Goswin von Brederlow <goswin-v-b@xxxxxx> · Thu, 28 May 2009 21:07:23 +0200

Neil Brown <neilb@xxxxxxx> writes:

> On Tuesday May 26, goswin-v-b@xxxxxx wrote:
>> Neil Brown <neilb@xxxxxxx> writes:
>> 
>> > On Monday May 25, goswin-v-b@xxxxxx wrote:
>> >> That really seems to scream for LVM to support more raid levels. It
>> >> already has linear, raid0 and raid1 support (although I have no idea
>> >> how device mapper raid1 compares to md raid1).
>> >
>> > Note that LVM (a suite of user-space tools) could conceivably use
>> > md/raid1, md/raid5 etc. The functionality doesn't have to go in dm.
>> >
>> > Neil
>> 
>> How would you do this? Worst case you can have a LV made up of totaly
>> non linear PEs, meaning lots of 4MB (default PE size) big chunks in
>> random order on random disks.
>> 
>> Do you create a raid1/5 for each stripe? You surely run out of md
>> devices.
>
> We have 2^21 md devices easily (I think that is the number) and it
> wouldn't be hard to have more if that were an issue.
>
>> 
>> Create dm mappings for all stripe 0s, stripe 1s, stripe 2s, ... and
>> then a raid1/5 over those stripe devices?
>
> That might be an option.
>
>> 
>> What if the LV has segments with different raid configurations (number
>> of disks in a stripe or even different levels)? Create a raid for each
>> segment and then a dm mapping for a linear raid?
>>
>
> Yes.
>  
>> 
>> You can get a flood of intermediate devices there. A /proc/mdstat with
>> 200 entries would be horrible. iostat output would be totaly
>> useless. ...
>>
>
> Yep, these would be interesting problems to solve.  /proc/mdstat is a
> bit of a wart on the design - getting the entry in /proc/mdstat
> optional might be a good idea.

Resyncing in a way that uses parallelism without using a physical
devices twice would also be difficult without merging all those layers
into one or peaking through them. The raid could doesn't see what
physical devices are in a device-mapper device and so on.

Plus I do want ONE entry in /proc/mdstat (or equivalent) to see how a
resync is going.
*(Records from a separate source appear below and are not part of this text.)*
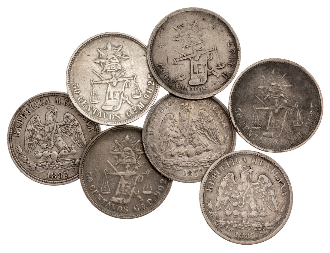 Mexico. Republica. Group of Culiacan mint 50 Centavos. 1875 (reverse scratches), 1876 (reverse scrape) P, 1877 G, 1880 D, 1883 D (a few h/l scratches), 1885/3 M/H (obverse scratch), and 1887 M. Eagle, serpent in beak, atop cactus. KM 407.2. About VF-About EF. (7)
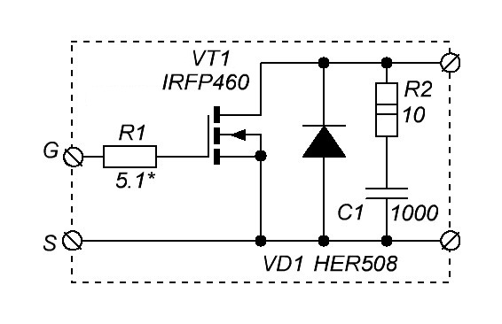 и вместо него подставить мощный полевой МОП-транзистор и небольшой «стандартный» набор пассивных элементов...
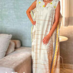 Adorned with charming yellow glass work embellishments, this dress is perfect for your taste.The subtle pattern of horizontal dotted lines in light brown adds a delicate touch, this dress promises comfort and elegance.
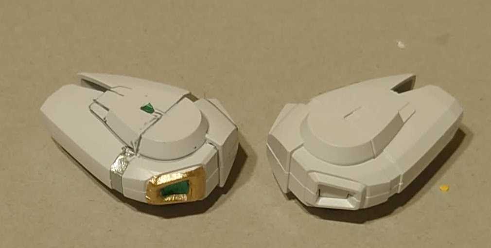 白いパーツのモナカ構造なんですけど、テープな適当な貼り方も汚れではなく汚しになってるのではないか。(自分の都合よすぎかな。)
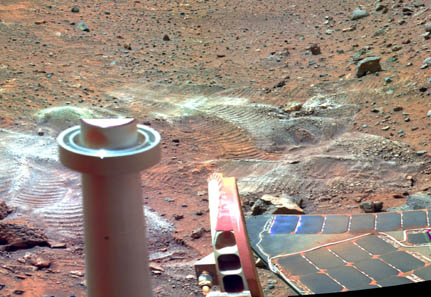 This week he emailed me twice about Spirit's long trek across the Columbia Hills and included the stunning image of Martian soil rich in magnesium sulfate. No question that Mars was wetter when the Columbia Hills rocks were deposited before the Martian climate suddenly changed very early in the red planet's history to greater dryness. See more information in Earthfiles 022505.
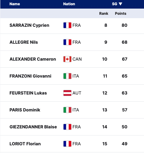 This season has highlighted the international competitiveness of men’s super-G. Among the top 15 in the standings, seven countries are represented, with France, Switzerland, and Italy leading the charge. Despite Sarrazin’s absence, France still has three skiers in contention, showcasing the French depth of talent across the field.
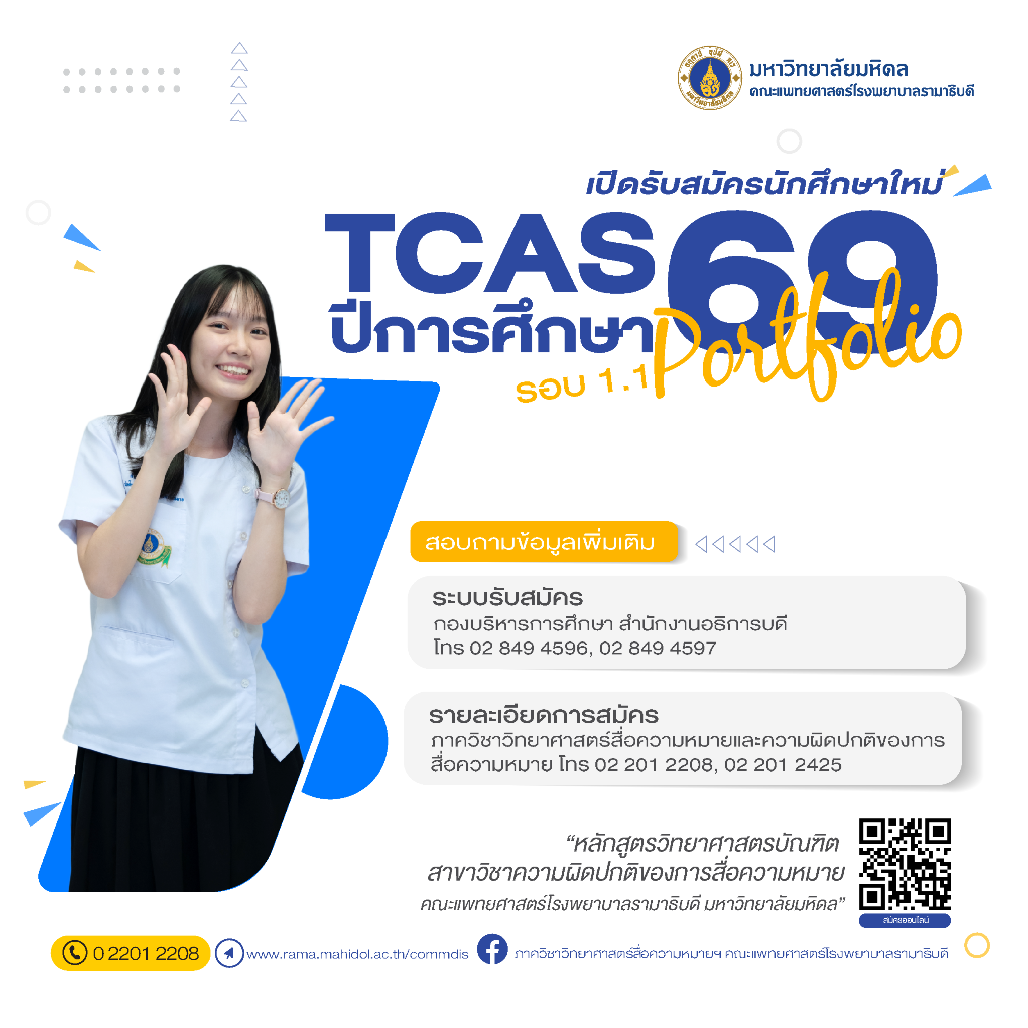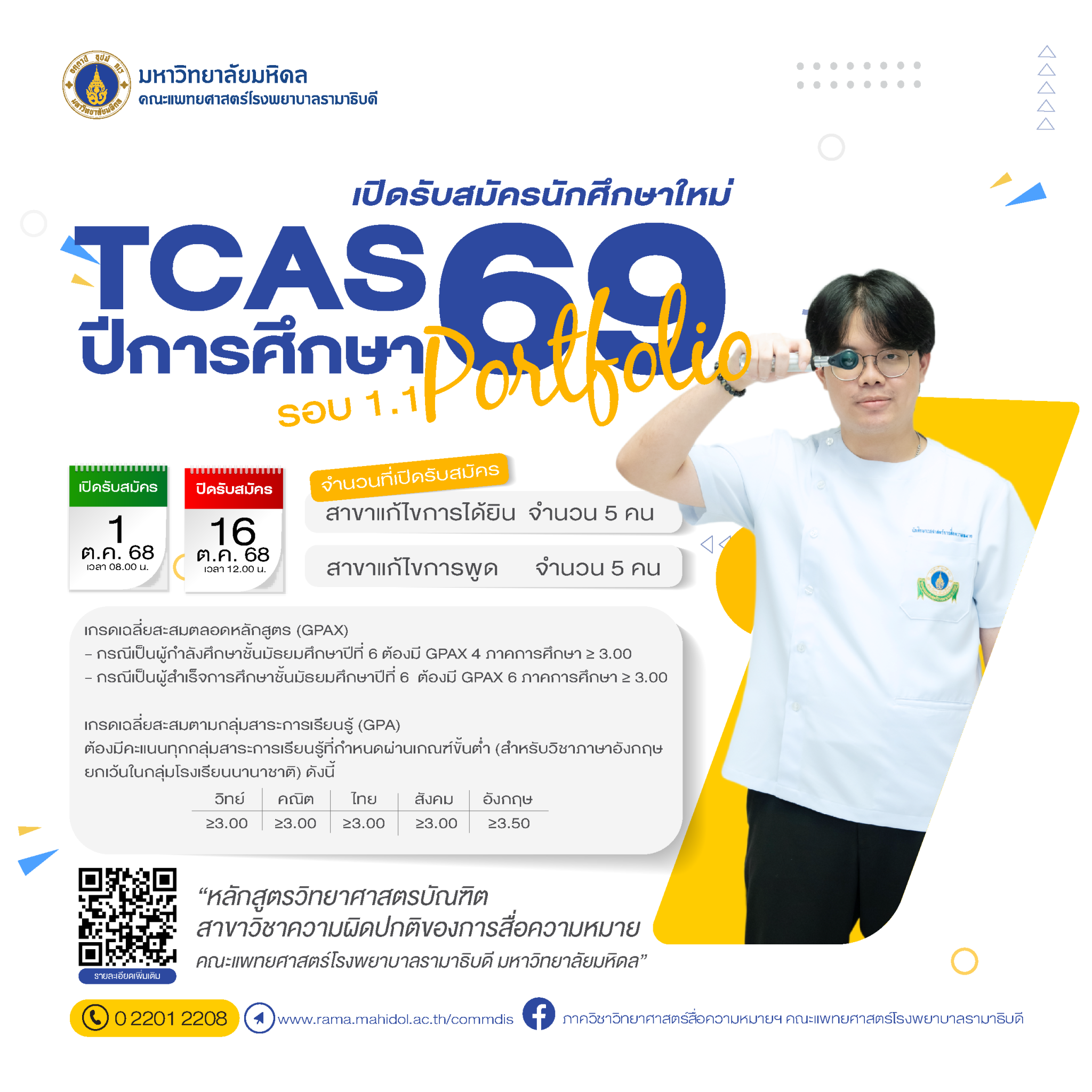 หลักสูตรวิทยาศาสตรบัณฑิต สาขาวิชาความผิดปกติของการสื่อความหมาย สำหรับ TCAS67 รอบที่ 1/1 แฟ้มสะสมผลงาน (Portfolio)
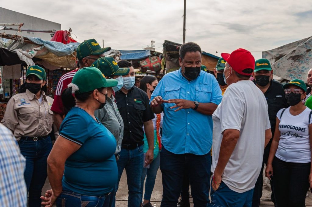El alcalde Rafael Ramírez Colina asistió a la actividad acompañado de los directores: Joaneli López, de Salud; Saúl Castellano, comisionado especial para el casco central; y Rafael Viloria, de Alimentación, donde compartió con quienes hacen vida en este mercado conocido como mercado “Los Plataneros” frente a la estación del Metro.
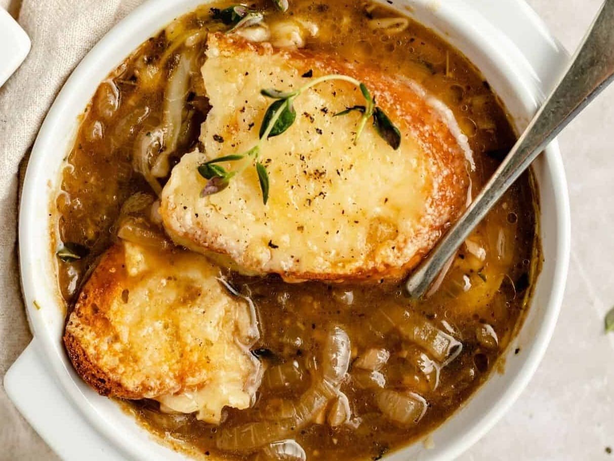 That old classic...sliced onions, slowly caramelised and cooked down to make a delicious light soup! Cheesy croutons served on the side.
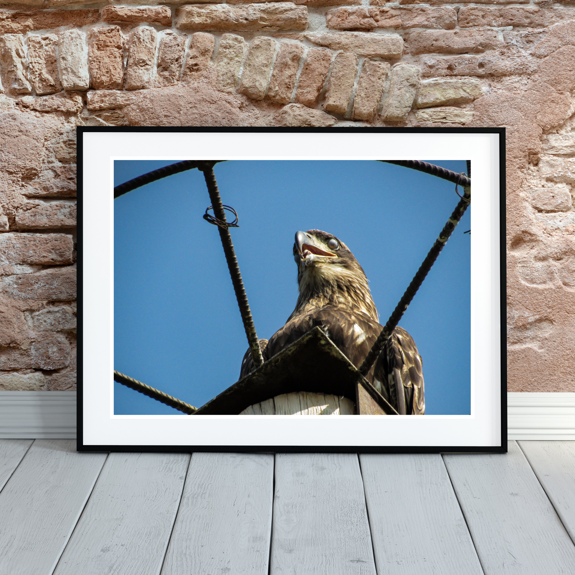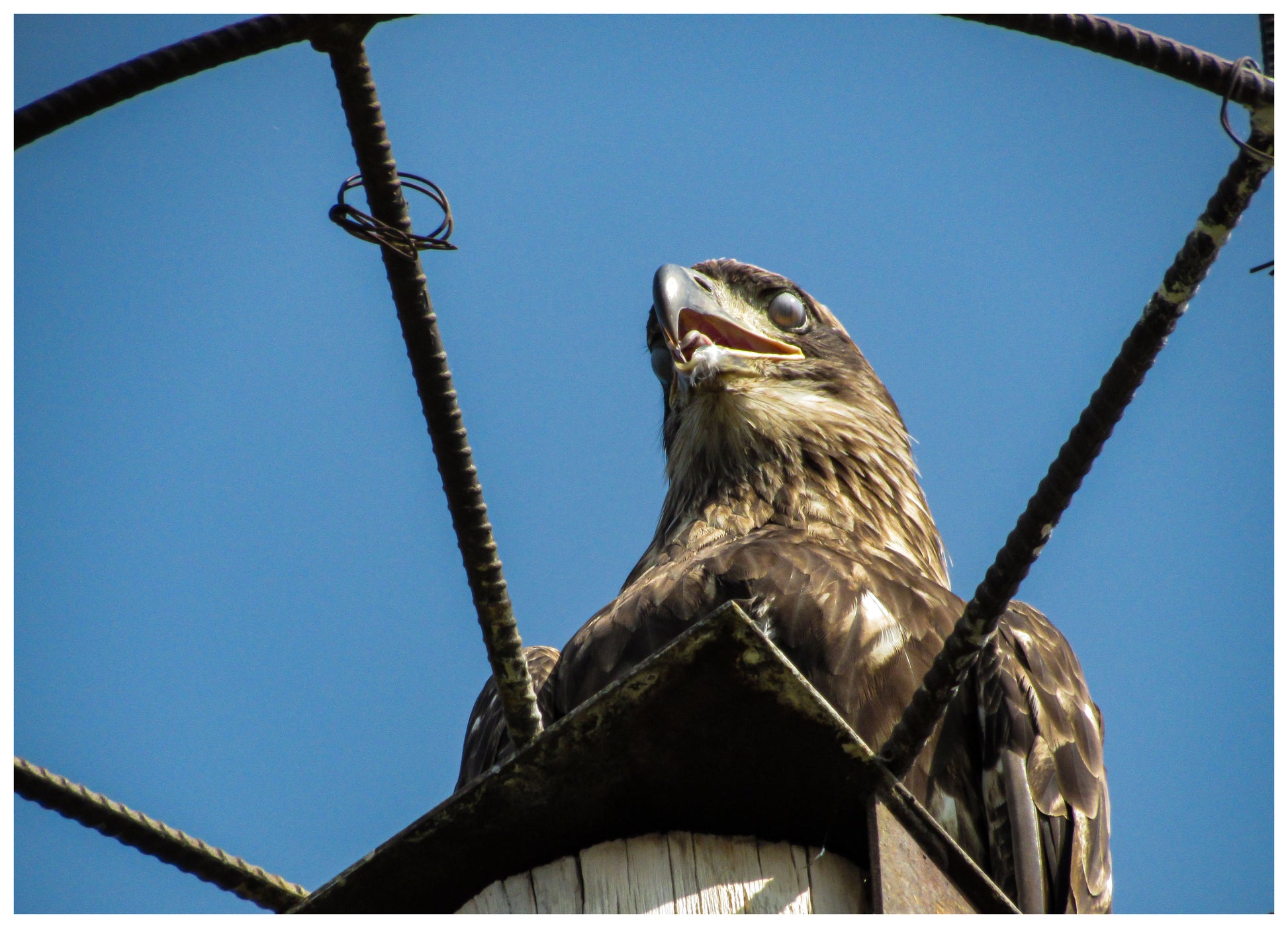 A juvenile bald eagle pants in Ellis Island's sweltering summer heat.
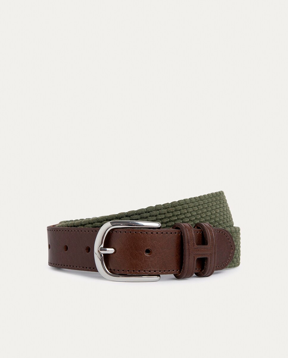 Cinturón de hombre trenzado en color verde marino con detalles en piel
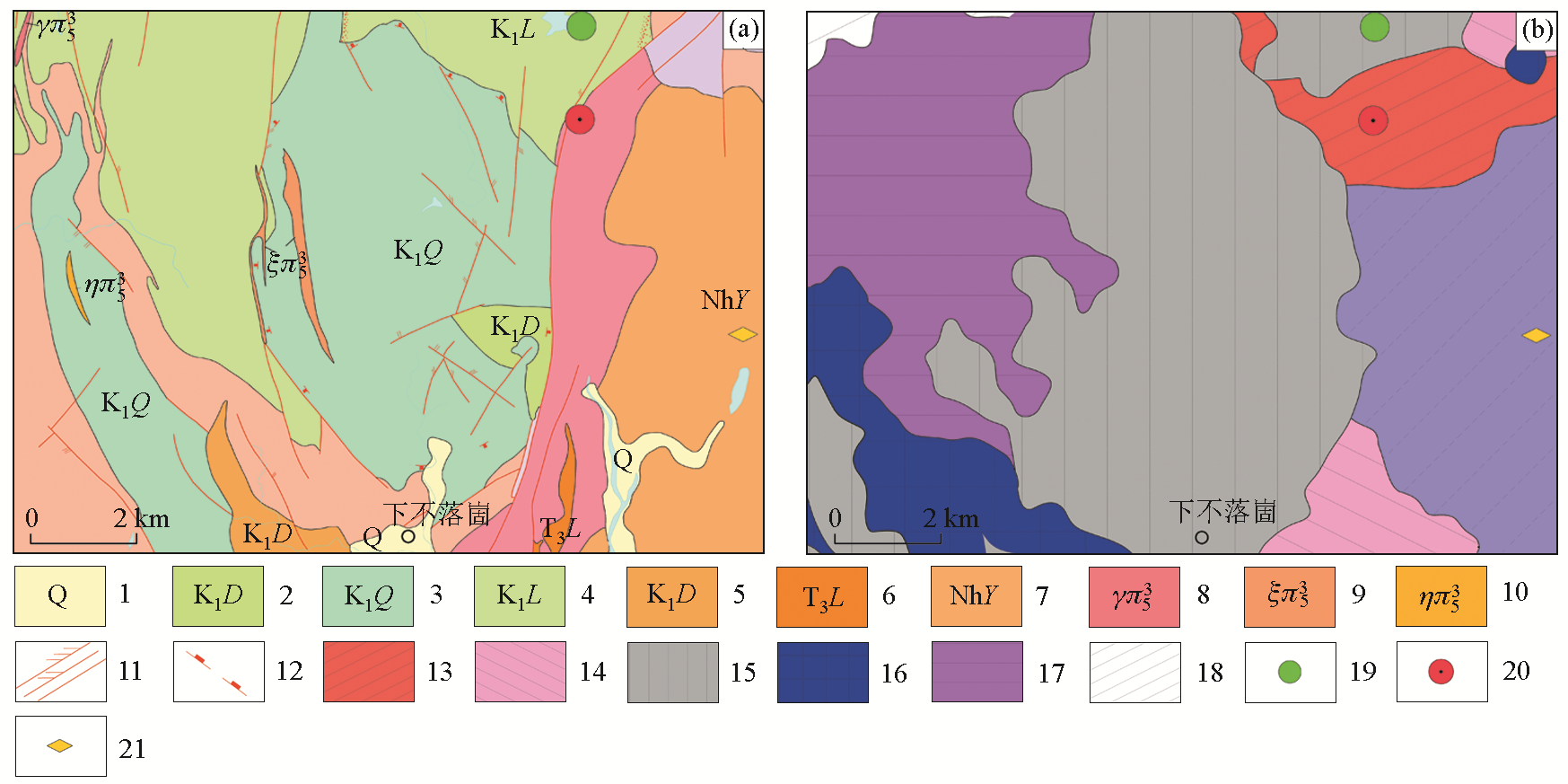 | Fig.3 Geological sketch map (a) and factor analysis contrast map (b) of Xiabuluogu area in the study area 1—Quaternary system; 2—lower Cretaceous Dasheng Group; 3—lower Cretaceous Qingshan Group; 4—lower Cretaceous Laiyang Group; 5—early Cretaceous Dadian sequence; 6—late Triassic Liulinzhuang sequence; 7—Neoproterozoic Yuejishan sequence; 8—granite porphyry vein; 9—syenite porphyry vein; 10—monzonitic porphyry vein; 11—compression torsion fracture/tension torsion fracture/fracture of unknown nature; 12—volcanic institutions; 13—F1(Co-Mn-Ti-V) partition; 14—F2 (Au-Ag-Mo-Cu-Bi) partition; 15—F3(Cr-Ni) partition; 16—F4(Pb-Zn) zoning; 17—F7(Hg) zone; 18—mixed factor zoning; 19—copper mine; 20—iron ore point; 21—potash occurrences |
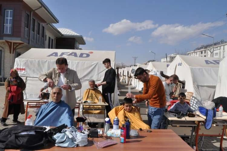 Çorum Berberler, Kuaförler ve Güzellik Salonu İşletmecileri Odası'na bağlı 45 gönüllü berber ve kuaför, Afşin'de çadır kentlerde kalan depremzedelerin tıraşını ve kişisel bakımını yaptı.
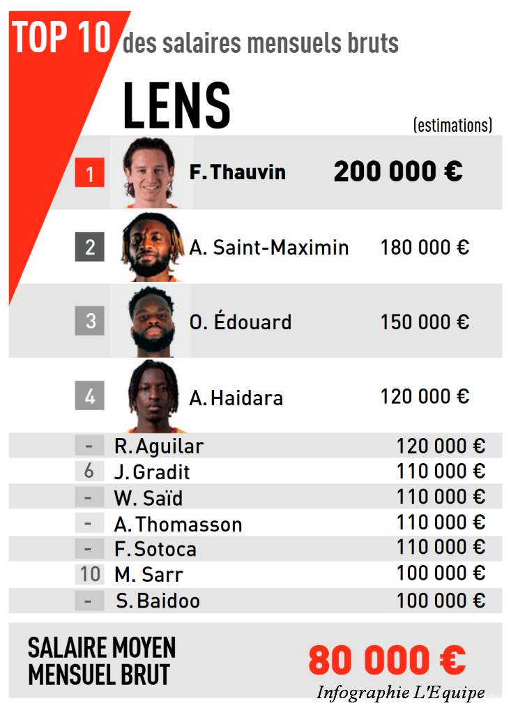 La masse salariale dépassait encore les 40 M€ bruts, en mai 2025, et a été réduite à hauteur de 28 M€ pour cette saison. Pour autant, onze joueurs dépassent encore la barre des 100 000 euros mensuels, preuve que Lens reste aligné avec les standards des clubs ambitieux de Ligue 1. Le salaire moyen, lui, tourne autour de 80 000 euros bruts.
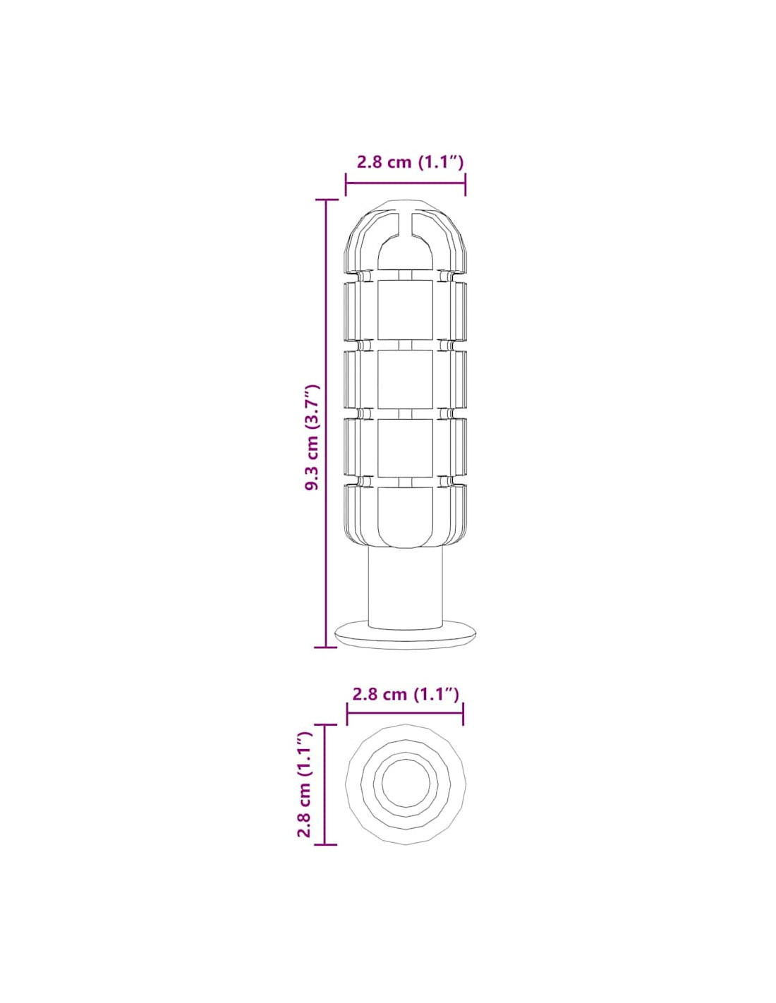 - Dimensioni complessive: 2,8 x 2,8 x 9,3 cm (L x P x A)
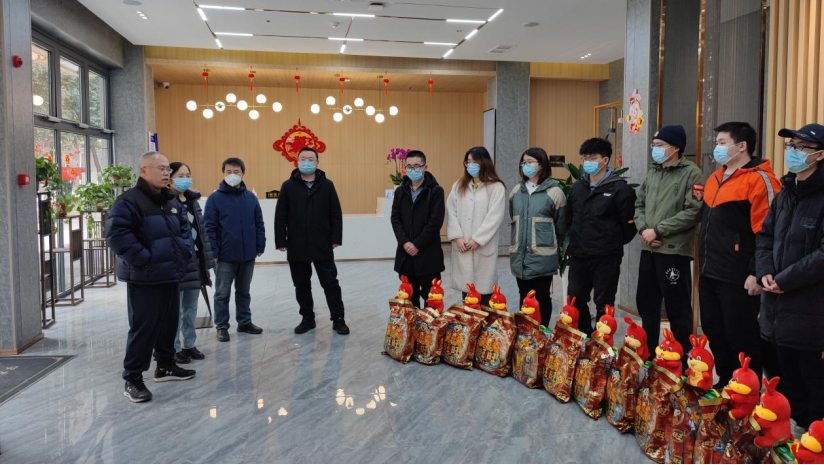 (通讯员 李栋)金虎辞旧岁,瑞兔送福来。春节即将到来,tyc33455cc共有17名同学留校过年。1月16日下午,部分公司领导来到北校区西电宾馆看望慰问留校员工,为同学们发放了新春慰问品。
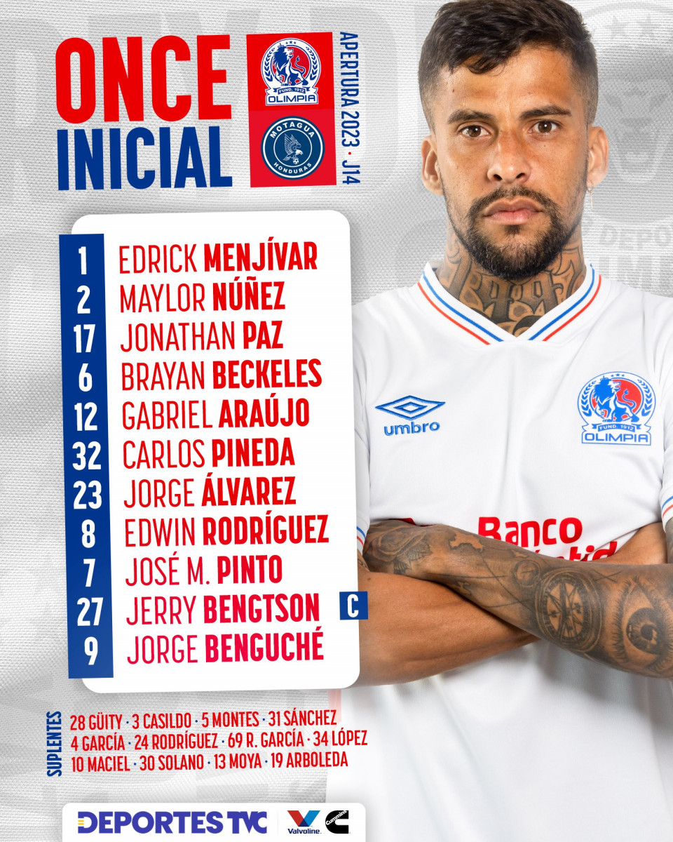 Olimpia vs. Motagua: alineación confirmada del León
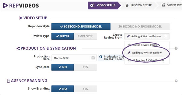 Choose between Buyer or Employee Reviews. Once the Review Type is selected, select Adding a Written Review.
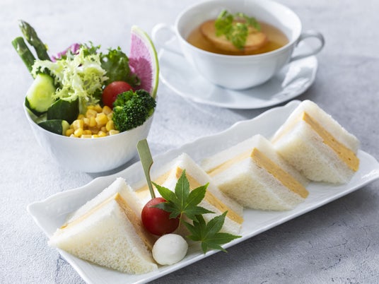 「だし巻き玉子」は、朝食時にバイキング会場ライブキッチンで、丁寧に焼き上げております。フワフワのだし巻き玉子は、朝食の定番!一番人気の一品をサンドイッチとしてお召し上がりいただけます。

Just not 200. So it is not just about hiding but also
about showing something sensible.

> As for iostat - where does it get info from ? /proc/partitions? /proc/diskinfo?
> Maybe /sys/block?
> Either way, we could probably find a way to say "this block device is
> 'hidden'" .

One of those places.

> If you want to be able to slice and dice lot of mini-raid arrays into
> an LVM system, then whatever way you implement it you will need to be
> keeping track of all those bits.  I think it makes most sense to use
> the "block device" as the common abstraction, then if we start finding
> issues: solve them.  That way the solutions become available for
> others to use in ways we hadn't expected.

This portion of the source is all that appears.